So, what is a sonata?
This is not a theory essay, but I trust that two principles will not cause many readers undue grief. 1) Every piece of music dating from the 18th and 19th centuries has a home key (musicians call it the tonic). 2) Almost every composition of this period moves (or modulates) to other keys over the course of the work, most often to a key five notes higher than the tonic (or dominant), before returning to the tonic.
I should also note that the term Sonata Form could refer to the architecture of an entire sonata or only to the structure of the first movement of a sonata—or for that matter, any multi-movement composition such as a trio, quartet, octet, concerto or symphony. Some musicians try to clear up the confusion by referring to the second definition as Sonata-Allegro form, because most first movements are indeed marked Allegro. That is the convention followed here.
Major instrumental forms began to be composed in large numbers in the 1760s, and quickly became a common musical currency that remained in use until well in the 20th century. By the late 18th century, a sonata would already have been recognized as a composition almost invariably containing three autonomous sections or movements. The quick opening movement was usually the most highly organized, as well as the weightiest. The second was usually slow and lyrical. The final movement was fast, and typically lightweight in comparison to the other two.
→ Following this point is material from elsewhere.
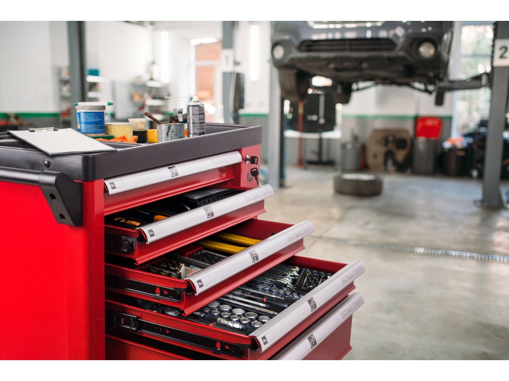 Všech šest zásuvek dílenského mobilního boxu na nářadí G21 Cooper 6 jsme pro snadnou orientaci v uloženém nářadí vybavili popisovacím systémem. V očíslovaných zásuvkách si snadno označte ikonky, znázorňující uložené věci. Získáte tak přehled o uloženém nářadí, právě potřebné kousky najdete na „první dobrou” a nemusíte postupně procházet jednotlivé zásuvky.

Any musician or educated listener of the time would also have known that the first movement could have as many as five sections, but only the three central ones were mandatory. If an Introduction were present, its function would be to set the stage for the musical drama about to unfold. In the first important section (now known as an Exposition) an opening theme established the key, as well as the mood. The music then modulated to a new key, which almost invariably was the dominant when the piece was in a major key, as about 80% of them were. One or more themes would be heard in that new key; they could be totally different from, very similar to, or subtly related to the opening theme. The final new theme was devised so as to impart a strong sense of closure to the exposition. This entire section was then generally repeated.
Pause for a moment. What has really happened here? Picture the following scene: I walk onto the stage and bow to the audience, but instead of sitting at the keyboard, I lift the piano over my head. A lot of tension is introduced in the room. My quivering muscles are tense. The audience is scared that I will drop it on my head. The impresario is afraid that the piano and the stage will be irreparably damaged. “Put it down, you idiot,” someone yells. But being the seasoned circus pro that I am, instead of doing as I am told, I toss it in the air, catch it on the tip of my finger, twirl it around at bit, and pass it from hand to hand. When I finally set it down, everyone breathes a sigh of relief. Still, it takes a while for the excitement in the room to dissipate, and for everyone in the audience to settle down
The same dynamics occur when a piece modulates from the tonic to the dominant, as in the exposition of a sonata-allegro form. The music is forcibly being lifted—contrary to the laws of gravity—to an elevation where it doesn’t really belong. Tension has thereby been created, and it can only be relieved when the music again touches down in the tonic key.
So how does it get back down? In the simplest sonata forms, composers wrote a fairly simple bridge section following the exposition so as to return us to the tonic and thereby release the tension. However, it was almost inevitable that more creative composers would try to extend this section so as to prolong our anxiety. Moreover, they quickly discovered that manipulating and developing material we have already heard evoked more suspense than writing new material. That explains why this section—the equivalent of my aforementioned pirouettes—has since been referred to as the Development.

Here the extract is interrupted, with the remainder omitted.